Ini Tiga Mi Instan Dilarang di Taiwan, Dideteksi Kandungan Pemicu Kanker


WARTABANJAR.COM, JAKARTA —
Lagi-lagi mi instan produk Indonesia dipermasalahkan di luar negeri lantaran terdeteksi adanyan kandungan berbahaya pemicu kanker.

Kali ini, masalah menimpa produk Indomie rasa ayam bawang hasil produksi PT Indofood Sukses Makmur Tbk.

Kementerian Kesehatan (Kemenkes) Taiwan menemukan produk Indomie Rasa Ayam Spesial mengandung zat pemicu kanker.

Sebelum kasus Indomie di Taiwan itu, beberapa produk mi instan Indonesia juga ditemukan mengandung zat berbahaya sehingga harus ditarik dari peredaran.

Berikut data produk mi instan RI yang tersandung masalah di negara tetangga tersebut:

  1. Indomie Rasa Ayam Spesial
    Kemenkes Taiwan menemukan produk tersebut mengandung etilen oksida, senyawa kimia yang terkait dengan limfoma dan leukemia.

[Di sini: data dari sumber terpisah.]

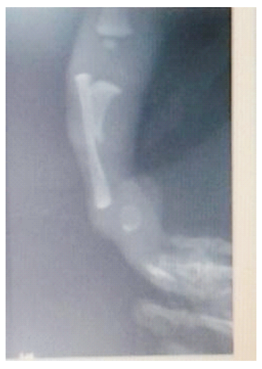
Figure 3c: Pre-op X-ray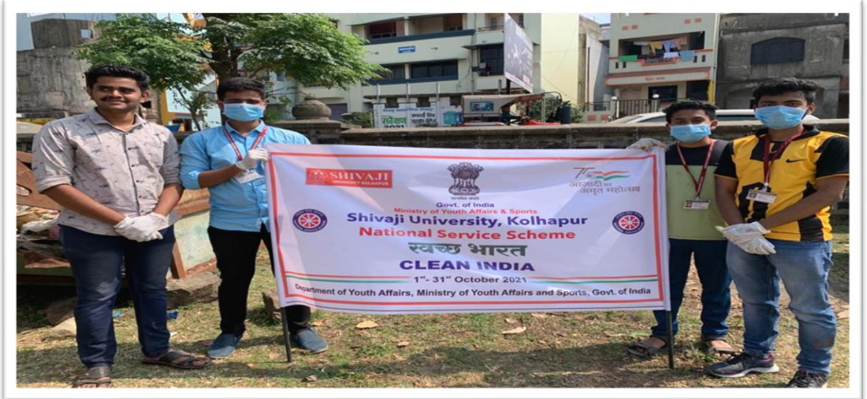
NSS Volunteers at Irani Khan (Lake) during clean India drive

Limfoma adalah kanker kelenjar getah bening.

Sementara leukemia ialah kanker darah akibat tubuh memproduksi sel darah putih abnormal.

Berdasarkan hasil pengujian, etilen oksida itu terdeteksi di paket bumbu mi instan Indonesia tersebut.

Akibatnya, Kemenkes Taiwan meminta para pengecer menarik produk mi instan tersebut dari toko-tokonya. Sementara itu, para importir produk bakal dikenakan denda antara 60 ribu dolar Taiwan atau setara Rp29 juta hingga maksimal 200 juta dolar Taiwan atau setara Rp97 triliun.

  1. Mie Sedaap Soto dan Mie Sedaap Curry
    Badan Pangan Singapura (SFA) menarik produk Mie Sedaap asal Indonesia pada Oktober 2022 lalu setelah ditemukan mengandung etilen oksida. Varian yang ditarik adalah Mie Sedaap Soto dan Mie Sedaap Curry.